夕木春央氏の小説『十戒』を読んだ。めちゃめちゃ面白かった……

ジャンルとしてはいわゆる孤島ミステリで、島にやってきた9人の間で殺人事件が発生する。通常ならここで犯人が誰かを探し当てる流れになるが、この作品は「犯人によって捜査や推理が禁止されている」というのが大きな特徴だ。犯人は人々に守るべき「十戒」を提示し、これを守らなければ爆弾(!?)で島ごと引き飛ばす、というのだ。実際に爆弾は見つかっていて犯人の脅しを嘘と言える否定できる根拠はなく、人々は指示を守って島を出ずに3日間を過ごさなくてはならなくなる。

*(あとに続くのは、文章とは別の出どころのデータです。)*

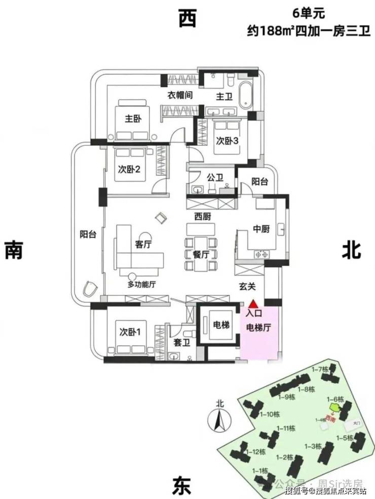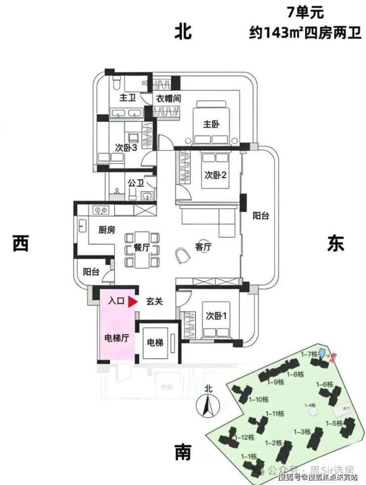 项目采用围合式点式错位布局,2T2户(板楼)和3T3户(塔楼)相结合的设计,确保了户户朝南的优质采光和通风条件。其中,2/3/5/8/9栋为2T2户板楼,产品面积段为193-253-332㎡的大平层;1/6/7/10/11/12栋为3T3户塔楼,产品面积段为140-168-190㎡的4房。这种设计既保证了户型的稀缺性和高端性,又满足了不同客群的需求。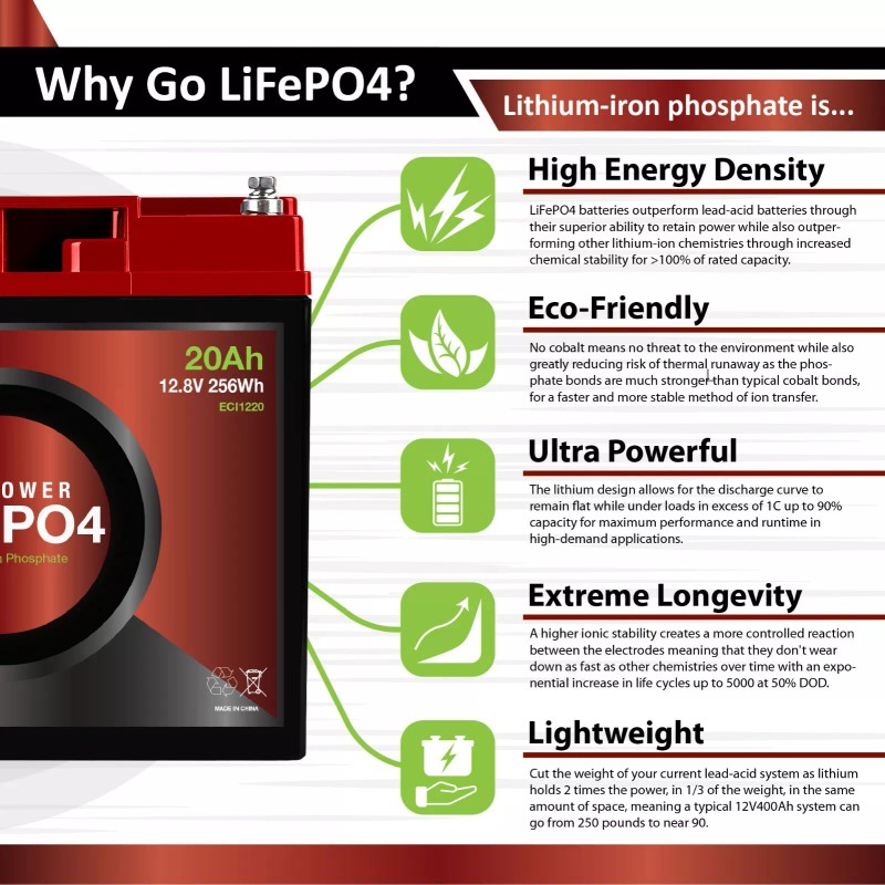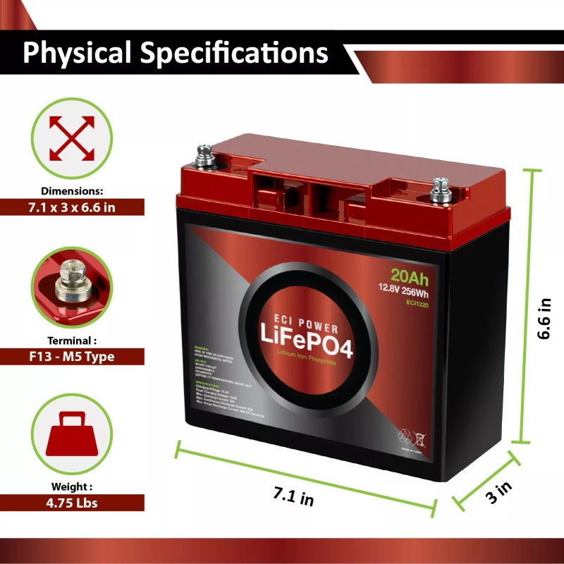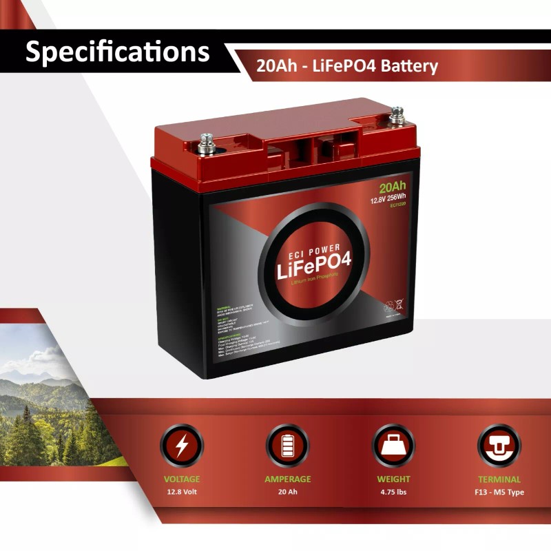 • 1 x 12V 20AH LiFePO4/LFP Battery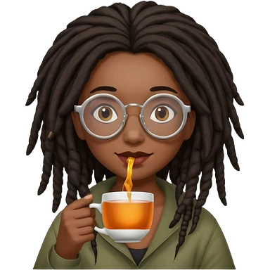 darker skin female with dark dreadlock hair wearing large round glasses sipping a cup of tea with her pinky out emoji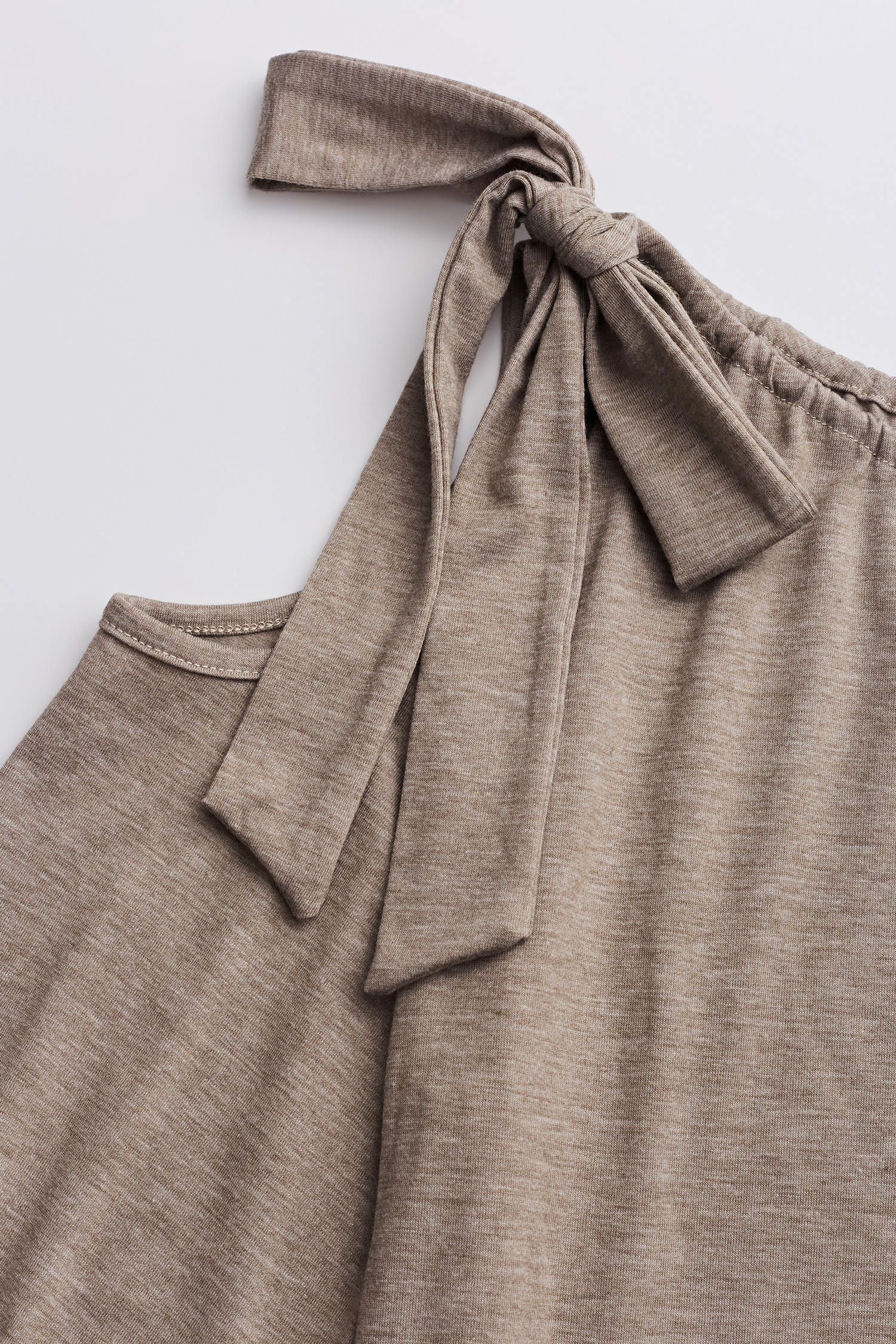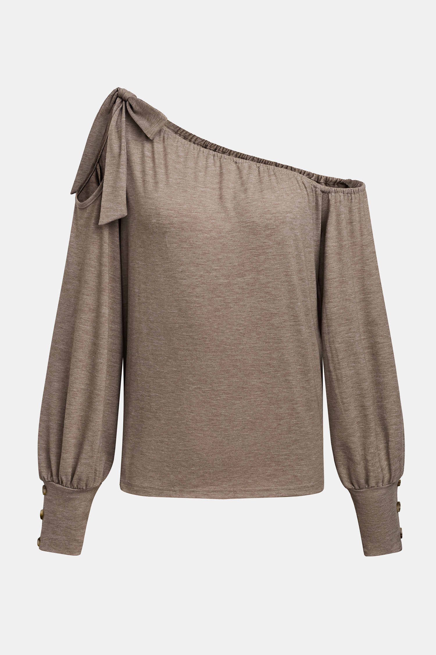 Taupe Bow Off-Shoulder Long Sleeve Tee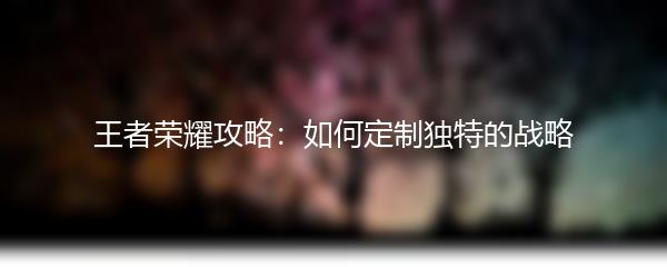 王者荣耀攻略:如何定制独特的战略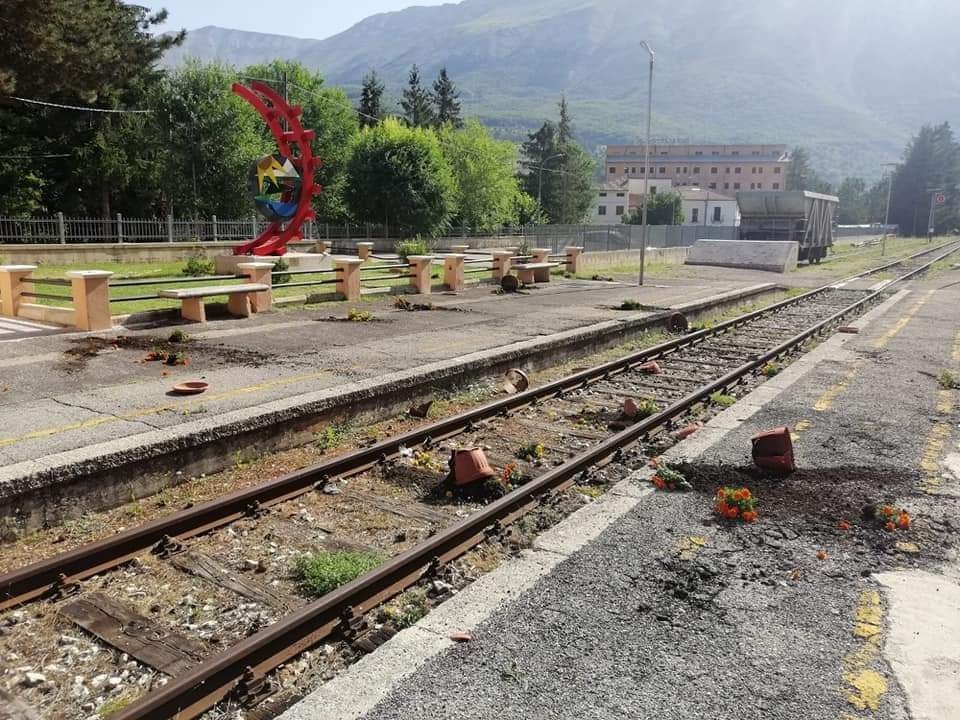 "Ecco come quattro imbecilli possono in un attimo rovinare il lavoro e la cura del bello che da tanto tempo è oggetto di attenzioni alla stazione di Campo di Giove, il gioiello della Ferrovia dei Parchi.

犯人は誰が犯人かわからないように指示をしてくるし、逆に他の人々もうっかり犯人が誰かを知らないように動く(知ったら島ごと爆破されて道連れになるので)という状況が普通と違って面白い。外部と連絡を取る際には全員から見えるようにしたり、全員に同じ手順を取らせることで間接的に犯人の意思を確認したり。こういった細かい手順も(ちょっと込み入り過ぎてる感もあるが)なかなか興味深い。犯人に逆らったら命はないという状況で、そもそも本当に3日間で出られるのかも不明であり、段々と人々は疲弊していく。

島の所有者は既に他界していて、その姪に当たるのが主人公。彼女は父や叔父(島の所有者)の知人らと共に島にやってくる。彼女は人見知りかつ浪人中でナーバスな中、一緒に島に来ていた綾川さんに話し掛けられ、心を開いていく。この主人公と綾川さんの関係性(女女関係)が地味に良いんですよね……主人公は受け身で指示に従うしかないのだが、綾川さんが案外鋭くて、いわゆる探偵役だ。

なかなかないシチュエーションが面白くてどんどん読み進めていたのだが、ラストはかなり唸らされてしまった(何かあるだろうとは予想していたんだけども)。以前同著者の『方舟』も読んでそちらも面白かったのだが、読後感や過程はこちらの方がかなり好きだな〜という感想。読む順番的にもこれでベストだった。著者の他の作品も読んでいきたいな……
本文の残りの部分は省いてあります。